[[ Material for the task, beginning ]]
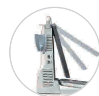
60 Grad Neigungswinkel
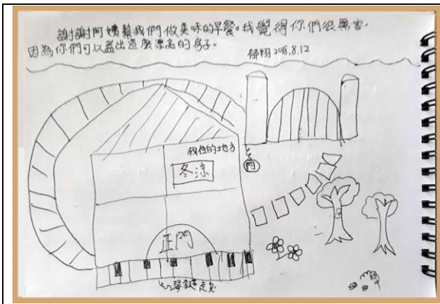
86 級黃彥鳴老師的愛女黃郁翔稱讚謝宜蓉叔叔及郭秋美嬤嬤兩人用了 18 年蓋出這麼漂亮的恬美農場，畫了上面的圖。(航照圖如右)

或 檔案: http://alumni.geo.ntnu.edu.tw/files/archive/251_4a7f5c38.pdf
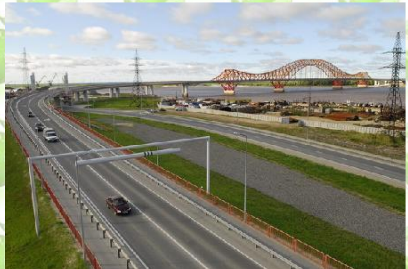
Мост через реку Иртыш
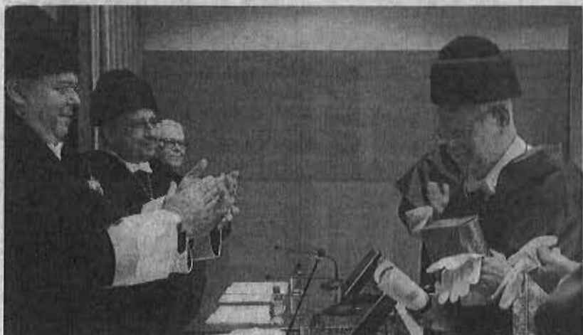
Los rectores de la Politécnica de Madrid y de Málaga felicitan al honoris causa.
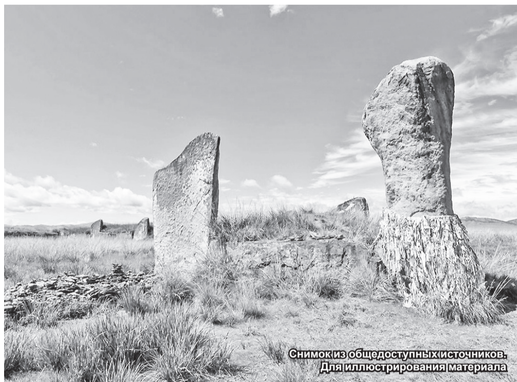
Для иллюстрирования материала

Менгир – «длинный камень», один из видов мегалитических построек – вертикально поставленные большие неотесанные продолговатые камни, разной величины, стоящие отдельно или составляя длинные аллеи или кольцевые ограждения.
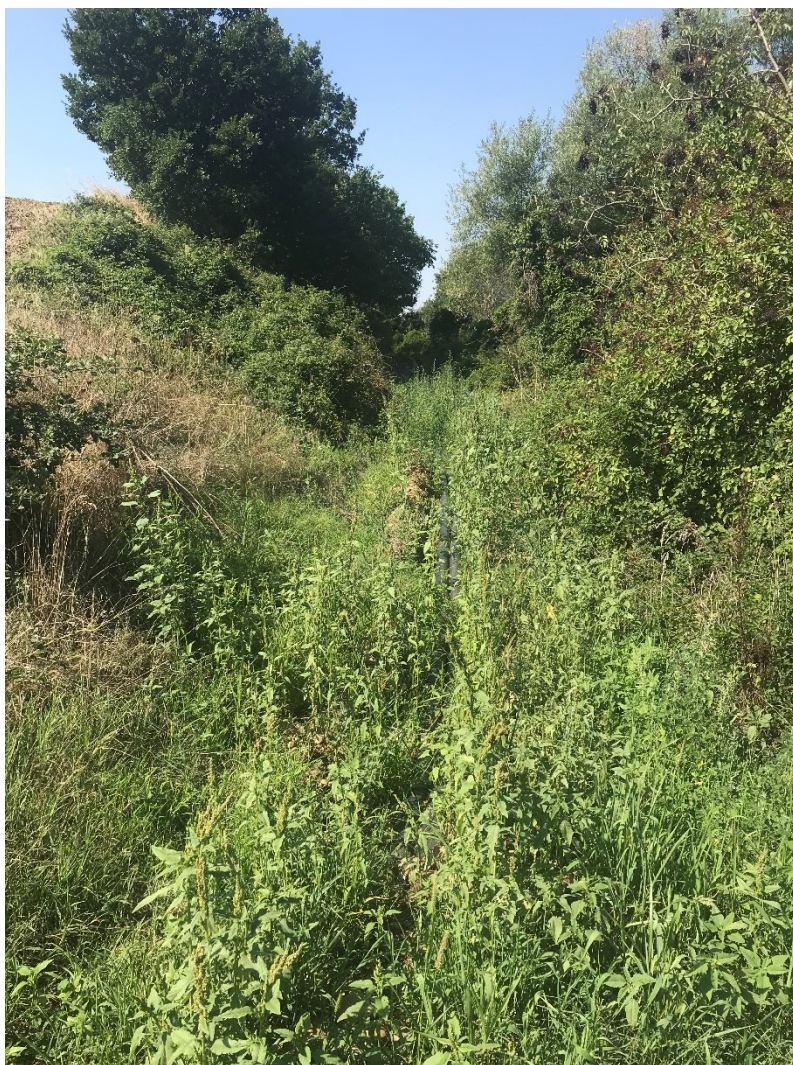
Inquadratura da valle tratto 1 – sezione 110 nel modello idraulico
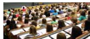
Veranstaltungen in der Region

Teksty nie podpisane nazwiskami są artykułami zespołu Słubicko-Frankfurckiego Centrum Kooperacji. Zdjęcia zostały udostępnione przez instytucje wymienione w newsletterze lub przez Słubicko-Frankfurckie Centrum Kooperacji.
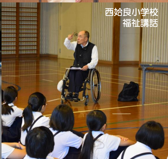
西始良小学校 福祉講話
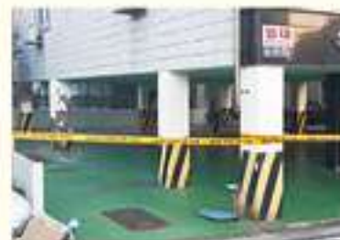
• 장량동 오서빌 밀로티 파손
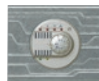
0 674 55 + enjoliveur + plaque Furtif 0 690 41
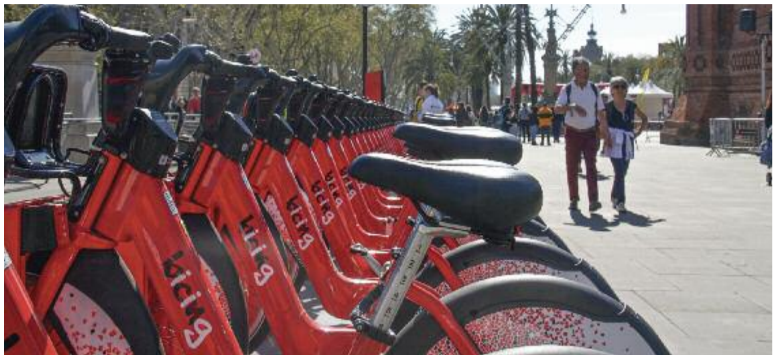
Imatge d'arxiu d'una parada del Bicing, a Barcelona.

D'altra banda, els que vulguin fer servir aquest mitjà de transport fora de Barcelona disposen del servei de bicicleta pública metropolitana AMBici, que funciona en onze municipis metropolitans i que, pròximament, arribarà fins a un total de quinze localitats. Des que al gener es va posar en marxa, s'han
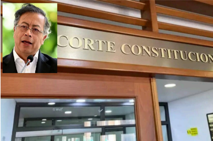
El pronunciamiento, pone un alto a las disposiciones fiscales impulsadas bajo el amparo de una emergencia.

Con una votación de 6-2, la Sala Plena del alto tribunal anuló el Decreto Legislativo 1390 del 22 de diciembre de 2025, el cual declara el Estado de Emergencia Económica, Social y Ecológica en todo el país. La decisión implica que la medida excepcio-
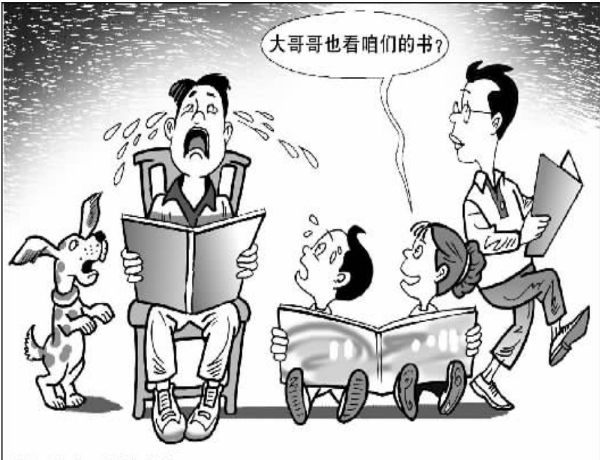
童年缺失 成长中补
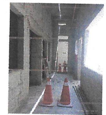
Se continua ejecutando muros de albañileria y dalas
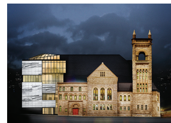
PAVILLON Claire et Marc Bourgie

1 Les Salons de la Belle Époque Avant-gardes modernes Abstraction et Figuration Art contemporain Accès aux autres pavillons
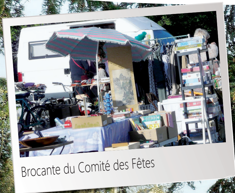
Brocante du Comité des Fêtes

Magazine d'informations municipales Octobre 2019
[[ Material for the task, end ]]
Activity -
Pull every line with the string "alto" out of the material.

Output for this task -
El pronunciamiento, pone un alto a las disposiciones fiscales impulsadas bajo el amparo de una emergencia.
Con una votación de 6-2, la Sala Plena del alto tribunal anuló el Decreto Legislativo 1390 del 22 de diciembre de 2025, el cual declara el Estado de Emergencia Económica, Social y Ecológica en todo el país. La decisión implica que la medida excepcio-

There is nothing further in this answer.